这封信提出了一个基于对比强化学习（对比RL）的框架，解决机器人控制中具有挑战性的目标条件问题。虽然对比强化学习在学习状态-行动-目标关系方面提供了希望，但它存在一个关键的局限性：由于低效的价值探索和模型过拟合，正负样本之间的可辨析性不足。为了克服这些挑战，本文提出的算法扩展了对比强化学习，利用一组批评网络来模拟状态-行动-目标对齐，从而缓解了过拟合问题。此外，该体系结构引入了双分量损失函数：1)多样性驱动项，以减轻价值估计中的勘探冗余；2)一个分类引导约束，以确保对比对之间的区分能力。我们将这种集成框架称为具有分类约束的多样性驱动对比价值集成（DiCE-CC）。通过三种机器人操作场景的实验验证，证明了该算法在解决复杂目标条件控制问题方面的有效性。

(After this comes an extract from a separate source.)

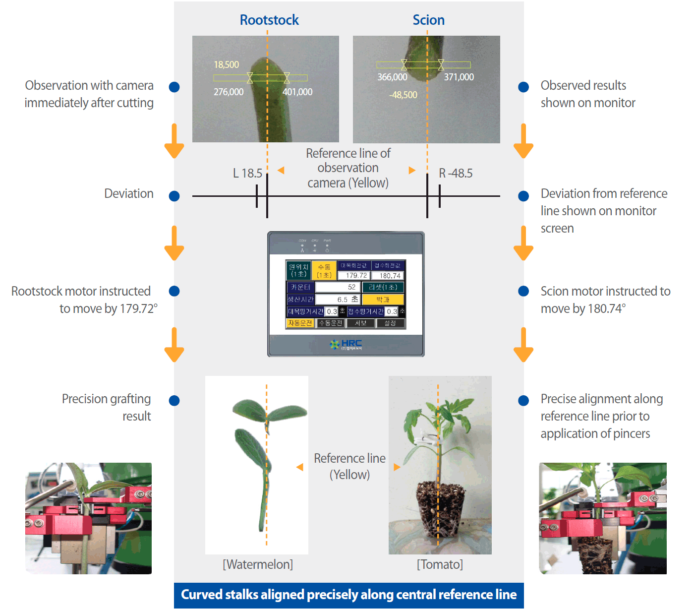 The cross sections of the rootstock and scion are photographed to locate the central line, and the graft position is found with a margin of error within 1/100㎜.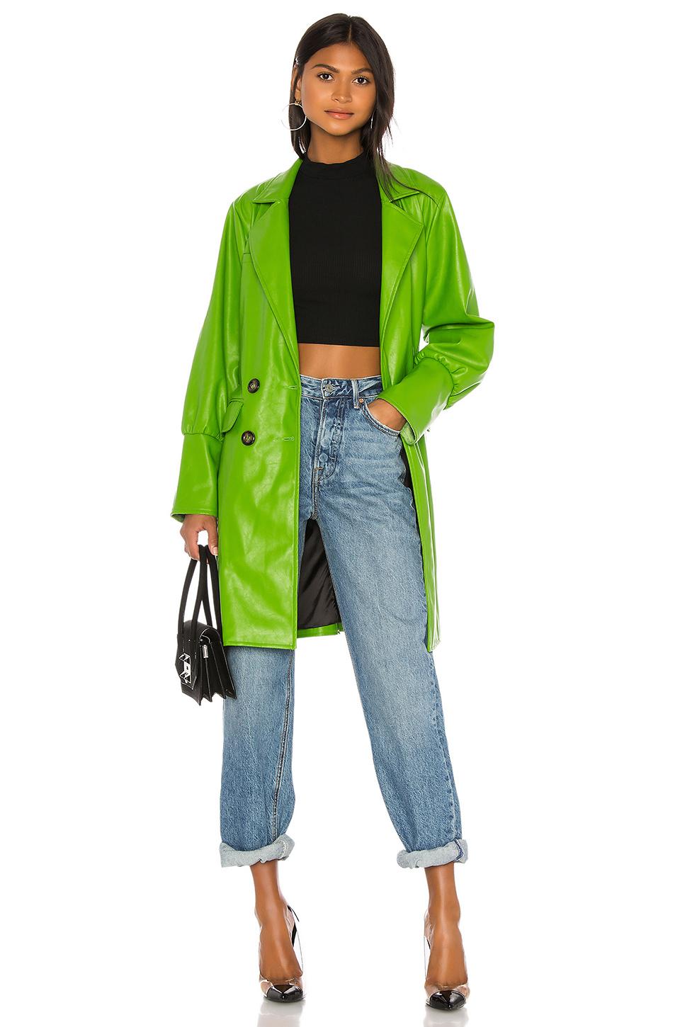 KENDALL + KYLIE Farrah Vegan Leather Trench Coat in Green. 55% Polyester, 45% Polyurethan. Chemische Reinigung. Knopfverschluss vorn. Pattentaschen an der Seite. Abnehmbarer Bindegürtel in der Taille. Lederimitat. Importiert. Farbe: grün

本文章由计算机程序翻译，如有差异，请以英文原文为准。

求助全文

约1分钟内获得全文求助全文

来源期刊

Ieee-Caa Journal of Automatica Sinica Engineering-Control and Systems Engineering

CiteScore

23.50

自引率

11.00%

发文量

880

期刊介绍： The IEEE/CAA Journal of Automatica Sinica is a reputable journal that publishes high-quality papers in English on original theoretical/experimental research and development in the field of automation. The journal covers a wide range of topics including automatic control, artificial intelligence and intelligent control, systems theory and engineering, pattern recognition and intelligent systems, automation engineering and applications, information processing and information systems, network-based automation, robotics, sensing and measurement, and navigation, guidance, and control. Additionally, the journal is abstracted/indexed in several prominent databases including SCIE (Science Citation Index Expanded), EI (Engineering Index), Inspec, Scopus, SCImago, DBLP, CNKI (China National Knowledge Infrastructure), CSCD (Chinese Science Citation Database), and IEEE Xplore.